-- Work instructions --
Produce a verbatim copy of the data below that contains no pictures.

-- Provided material --
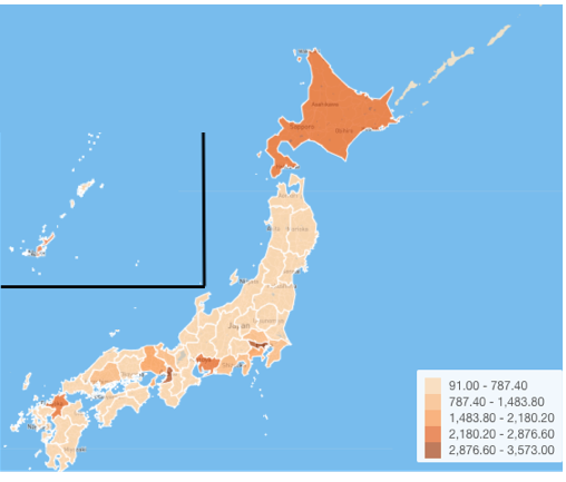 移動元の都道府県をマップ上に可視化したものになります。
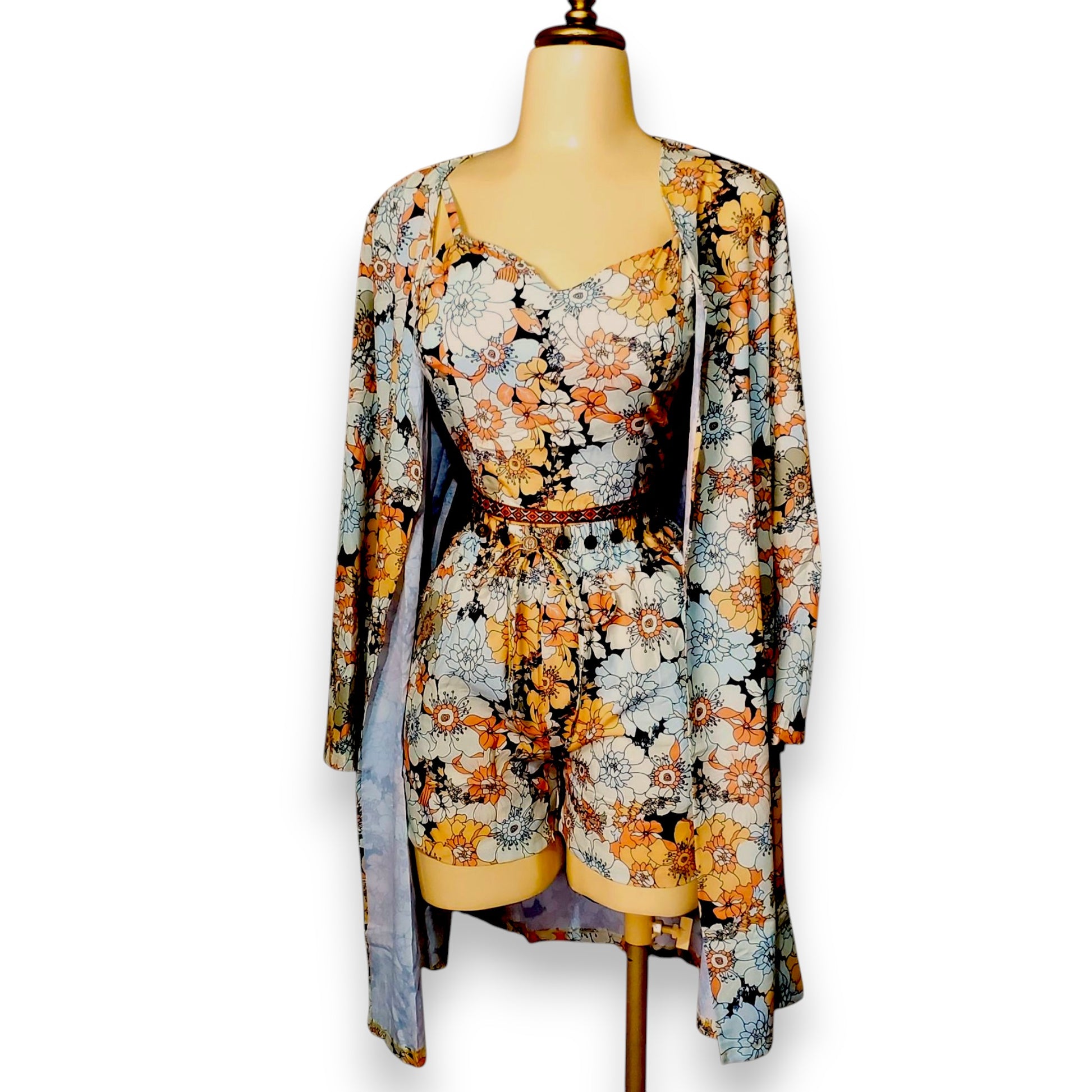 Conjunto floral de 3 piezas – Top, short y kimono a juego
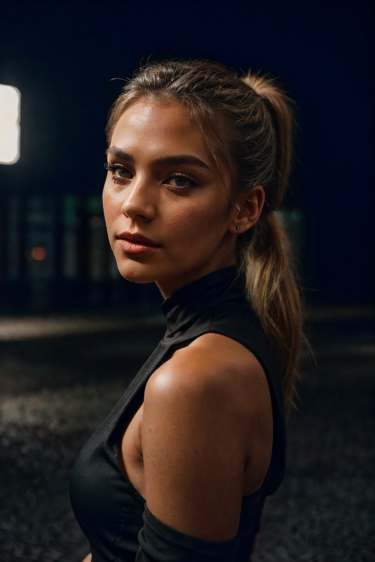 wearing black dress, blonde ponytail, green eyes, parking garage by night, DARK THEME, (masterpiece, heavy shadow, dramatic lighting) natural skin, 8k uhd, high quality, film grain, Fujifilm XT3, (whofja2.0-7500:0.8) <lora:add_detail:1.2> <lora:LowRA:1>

-- Written response --
 移動元の都道府県をマップ上に可視化したものになります。
 Conjunto floral de 3 piezas – Top, short y kimono a juego
 wearing black dress, blonde ponytail, green eyes, parking garage by night, DARK THEME, (masterpiece, heavy shadow, dramatic lighting) natural skin, 8k uhd, high quality, film grain, Fujifilm XT3, (whofja2.0-7500:0.8) <lora:add_detail:1.2> <lora:LowRA:1>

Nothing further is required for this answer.